Comment en sommes-nous arrivés là? En juillet 2016, la Cour suprême a rendu, à cinq contre quatre, une décision importante en vertu de la Charte canadienne. En interprétant de façon subjective le droit à un procès dans un délai raisonnable, le plus haut tribunal a statué que ce laps de temps ne devait pas dépasser 30 mois pour la Cour supérieure du Québec. Dans l’affaire Normandeau, le magistrat fédéral Perreault a donc conclu que «le droit des accusés à un procès en délai raisonnable a été violé». Il a calculé les délais à 52 mois, bien au-delà des 30 mois prescrits par la décision de 2016, mieux connue sous le nom d’«arrêt Jordan». 

Ce que le magistrat n’a pas dit, c’est que les accusés ont multiplié les requêtes durant les procédures. C’est ce qui a fait en sorte que les choses traînent en longueur. Avant l’adoption de la Charte, les procès criminels étaient beaucoup moins longs qu’aujourd’hui. Depuis 1982, toutefois, les avocats criminalistes ont développé une pléiade d’arguments fondés sur la Charte pour défendre leurs clients. Les avocats du ministère public ont dû à leur tour répondre aux démarches nouvelles et multiples de la défense, allongeant encore davantage les procédures. Telle est la raison principale qui explique que des procès comme celui de Nathalie Normandeau durent désormais des années.

Une décision illégitime

Outre ce premier aspect des choses, il faut souligner ici que la décision du juge fédéral Perreault touche un champ de compétence exclusif du Québec: l’administration de la justice. Son jugement a été rendu en fonction de la Loi constitutionnelle de 1982, dont la Charte est la pièce maîtresse. Or celle-ci nous a été imposée contre notre consentement. Il en résulte que le verdict rendu par le magistrat fédéral est dénué de toute légitimité. 

Avant l’enchâssement de la Charte, il aurait été difficile, pour des juges, de libérer des prévenus en invoquant des délais judiciaires trop longs. Les droits ne sont jamais absolus et il y a donc toujours une limite. La question est de savoir qui trace la ligne de ce qui est raisonnable. Auparavant, les élus de l’Assemblée nationale exerçaient cette prérogative et auraient donc décidé de la limite en matière de délais judiciaires. Ils n’auraient certainement pas permis que des accusés s’en tirent à si bon compte.

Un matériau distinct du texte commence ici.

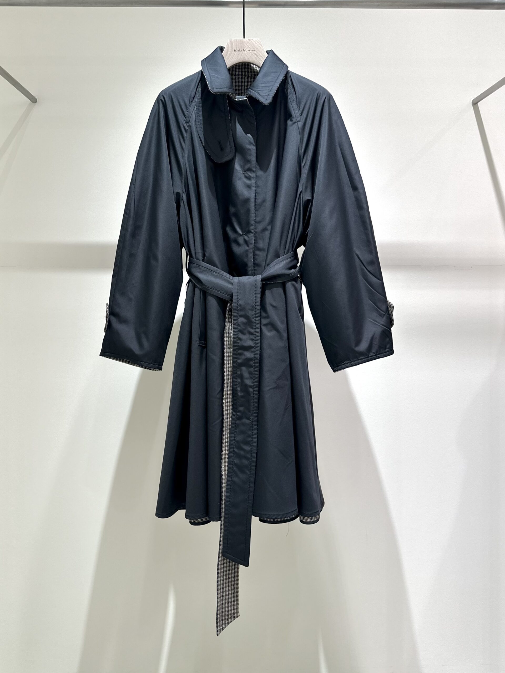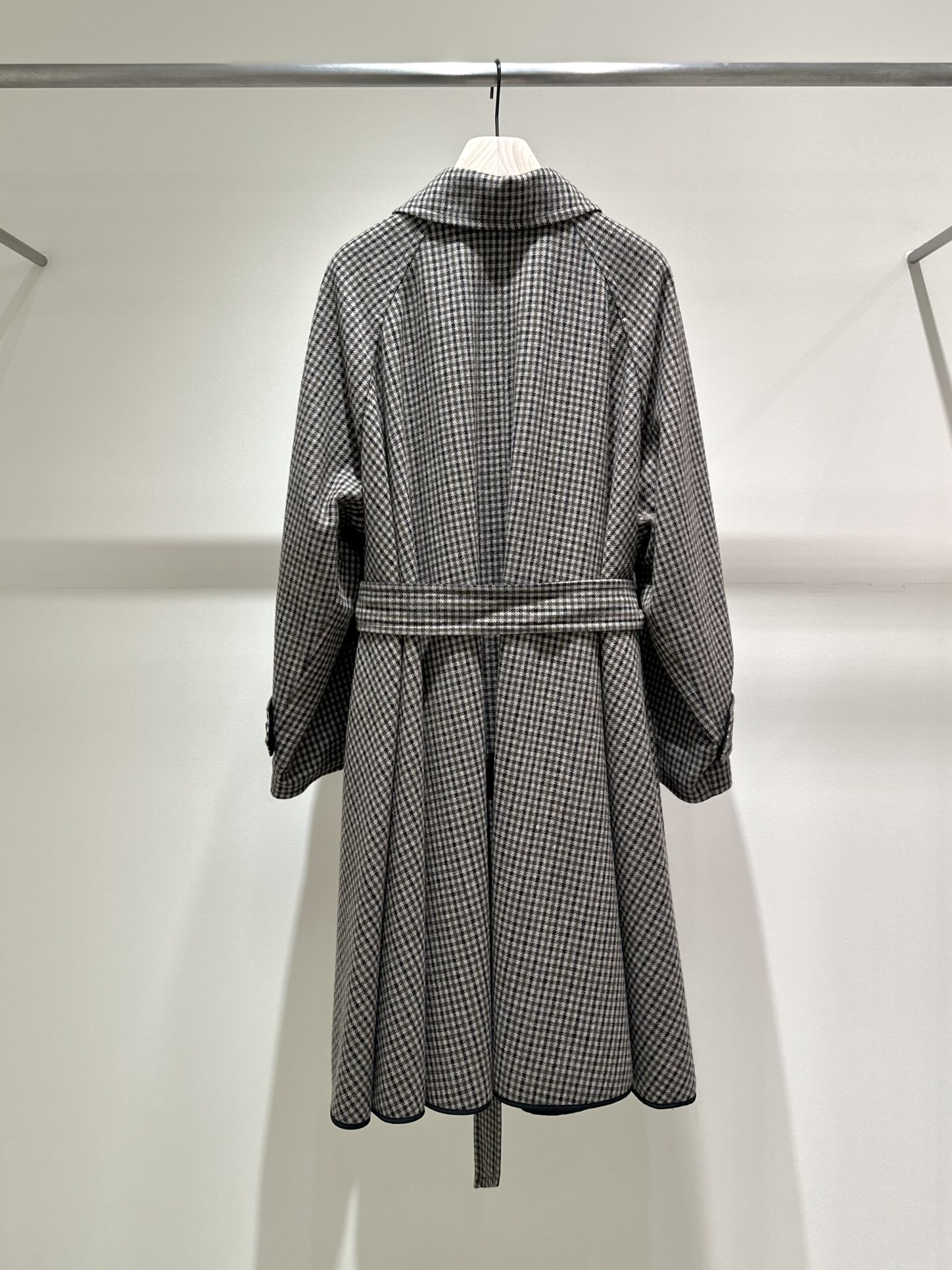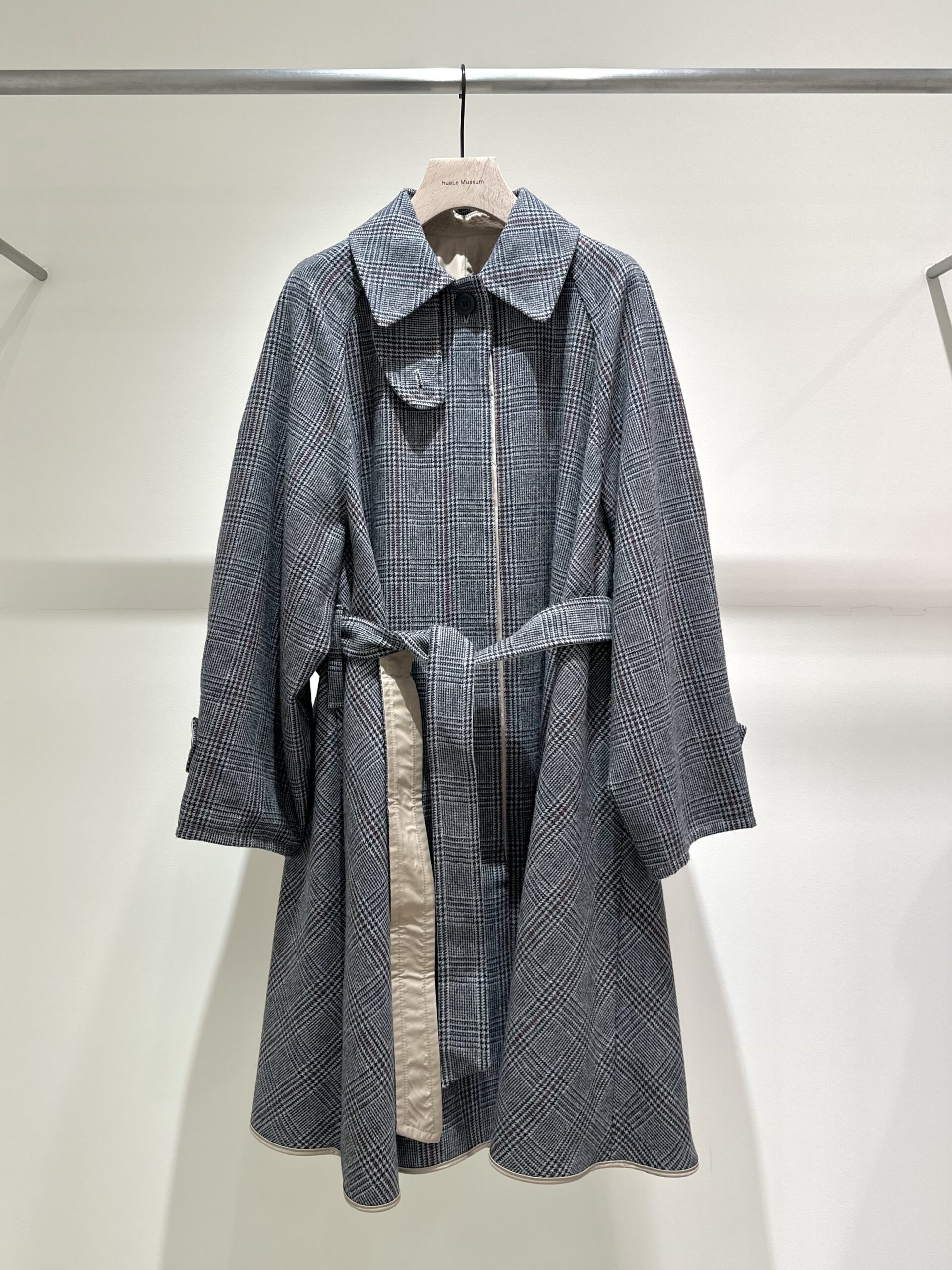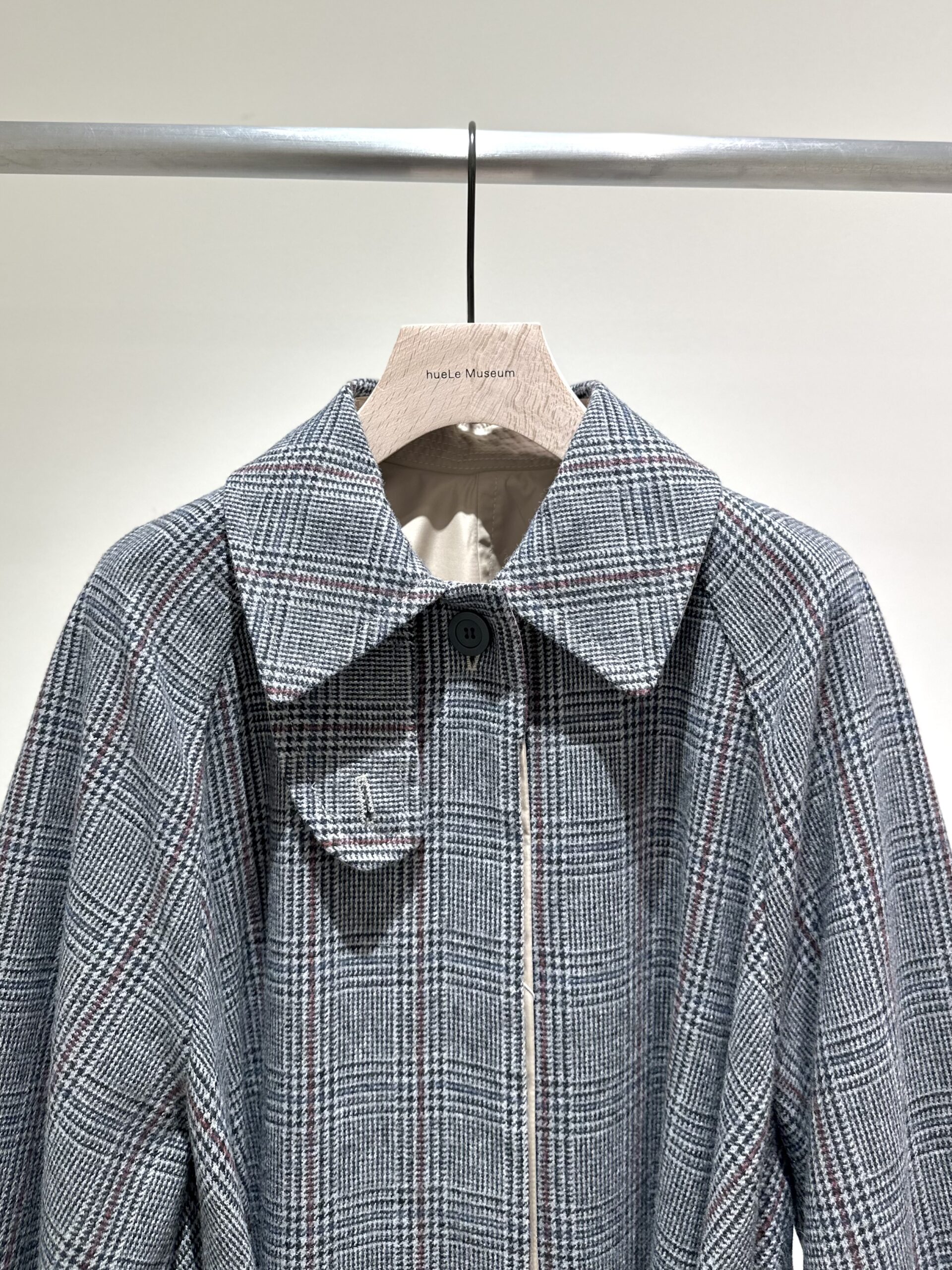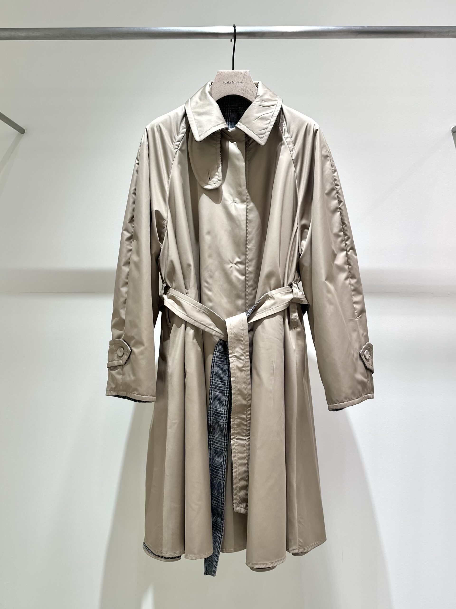 ラグランスリーブと特徴的な襟元を持つクラシカルな“バルマカーンコート”で、表地はウールのグレンチェック、裏地はポリエステルの単色でリバーシブルに使えるのも魅力。サーキュラーのように広がる身頃は、ベルトを外すと、とってもドラマチックな動きが生まれます。ベルトをキュッと締めればドレッシーな印象になり、マスキュリンなアイテムながら、フェミニンさも感じられるコートです。

Aujourd’hui, on libère allègrement non seulement de présumés fraudeurs, mais également de présumés meurtriers. Ce fut le cas notamment pour Sivaloganathan Thanabalasingham. Ce réfugié d’origine sri-lankaise a été accusé du meurtre de sa femme en 2012. Il l’aurait étranglée à mort. Il avait déjà plaidé coupable à trois accusations de violence conjugale. En raison de l’arrêt Jordan, son procès a avorté et on ose à peine imaginer à quel point les proches de la victime doivent être encore anéantis. 

Nous voyons ici à quel point la Charte canadienne a bousillé notre système de justice criminelle, entre autres. Or le Québec n’est pas complètement impuissant dans cette affaire. Il peut invoquer la clause dérogatoire et ainsi se soustraire aux conséquences funestes de l’arrêt Jordan, une promesse que j’ai faite dans le cadre de la course au leadership du Parti québécois. Le gouvernement caquiste a les moyens d’agir dans ce dossier. S’il ne le fait pas, le Québec continuera de payer le prix de la Constitution de 82.

Frédéric Bastien est candidat à la direction du Parti québécois.